- **What you have to do**: In your copy, include every line of the listing below exactly but none of the pictures.

- **Data extract**:
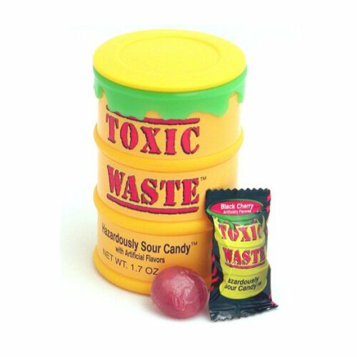 Toxic Waste Hazardously Sour Candy gilt als eine der mundverziehendsten Süßigkeiten da draußen. Sie kommen in einer Mini-Münztrommel für Giftmüll, verpackt mit einzeln verpackten Kugeln in Geschmacksrichtungen wie Limette, Kirsche, Erdbeere, Zitrone, Blaue Himbeere und Traube.
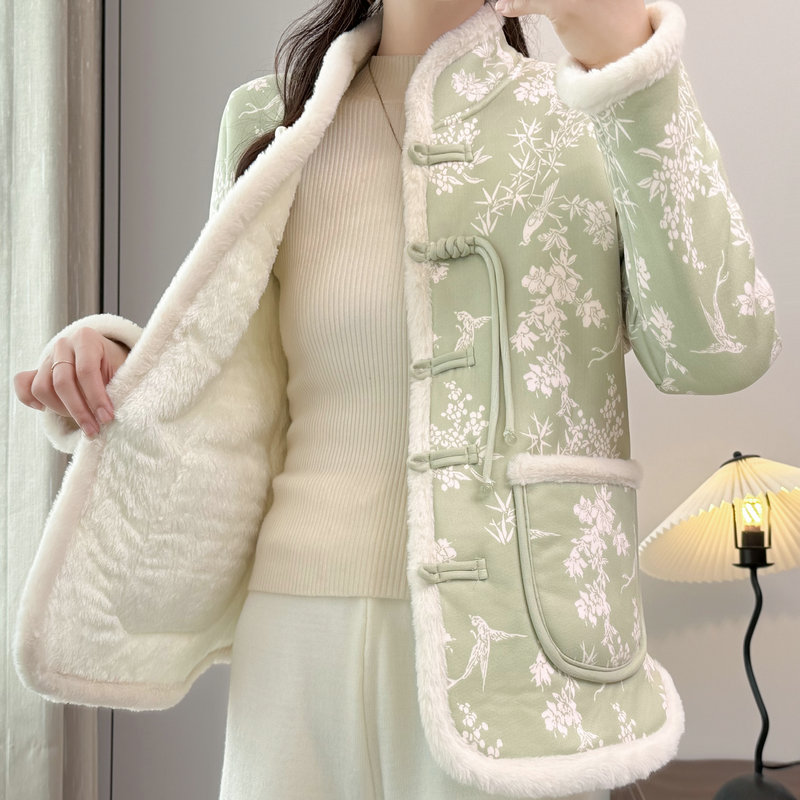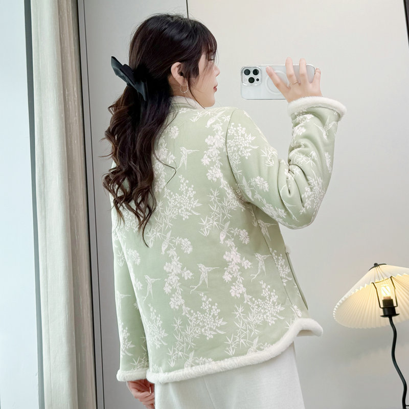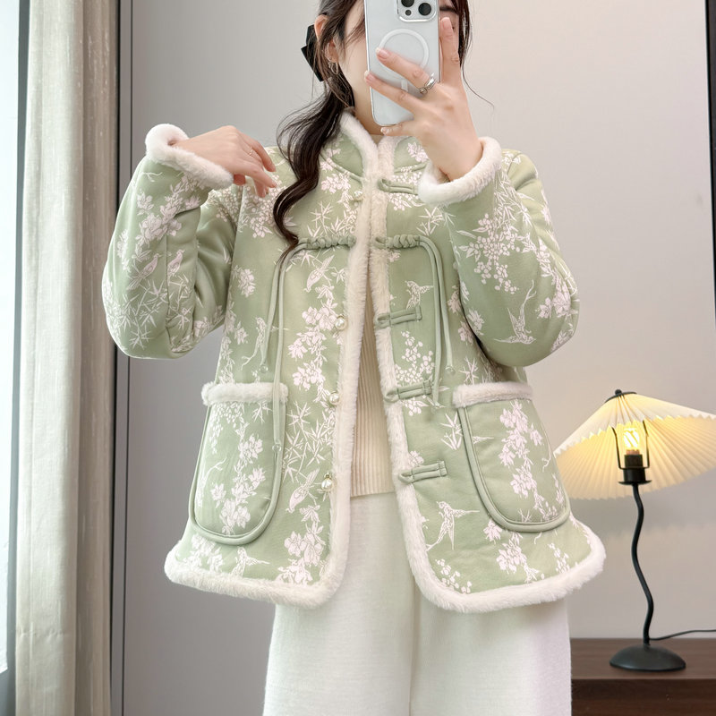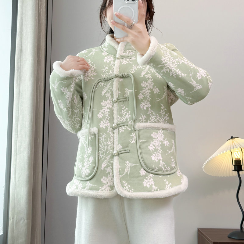 棉袄短款 JKJS 水貂毛夹棉外套新中式 人丝炒色提花 棉衣 风望川
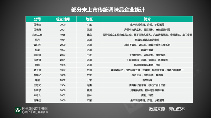 未上市传统调味品企业主要呈现两大特点,品类上,川贵地区的辣椒调味品居多;体量上普遍大,已成为细分品类的头部

- **Written answer**:
 Toxic Waste Hazardously Sour Candy gilt als eine der mundverziehendsten Süßigkeiten da draußen. Sie kommen in einer Mini-Münztrommel für Giftmüll, verpackt mit einzeln verpackten Kugeln in Geschmacksrichtungen wie Limette, Kirsche, Erdbeere, Zitrone, Blaue Himbeere und Traube.
 棉袄短款 JKJS 水貂毛夹棉外套新中式 人丝炒色提花 棉衣 风望川
 未上市传统调味品企业主要呈现两大特点,品类上,川贵地区的辣椒调味品居多;体量上普遍大,已成为细分品类的头部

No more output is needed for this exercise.